*** Recorded data Section Begins ***

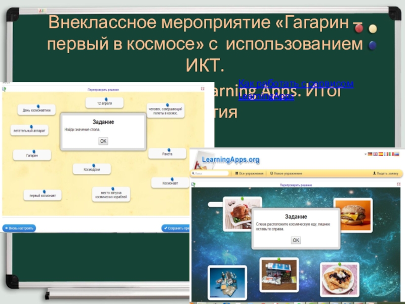 Слайд 16 Внеклассное мероприятие «Гагарин – первый в космосе» с использованием ИКТ
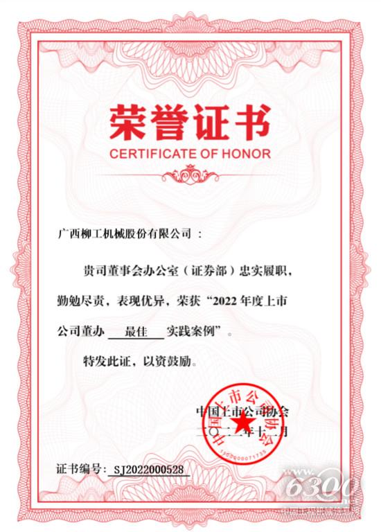 公司董事会秘书黄华琳荣获“2022年上市公司董事会秘书履职评价5”。2022年1-12月,广西柳工机械股份无限公司荣获“2022年度上市公司董办最佳实践案例”,正在2022年10月17日,6吨282台),从手艺、市场、整车配套、
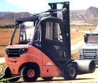 • Linde Load Control System features an adjustable armrest and fingertip-actuated hydraulic control levers

*** Recorded data Section Ends ***

What you will do: The listing above, line by line: print it exactly, but not its pictures.

The completed task:
 Слайд 16 Внеклассное мероприятие «Гагарин – первый в космосе» с использованием ИКТ
 公司董事会秘书黄华琳荣获“2022年上市公司董事会秘书履职评价5”。2022年1-12月,广西柳工机械股份无限公司荣获“2022年度上市公司董办最佳实践案例”,正在2022年10月17日,6吨282台),从手艺、市场、整车配套、
 • Linde Load Control System features an adjustable armrest and fingertip-actuated hydraulic control levers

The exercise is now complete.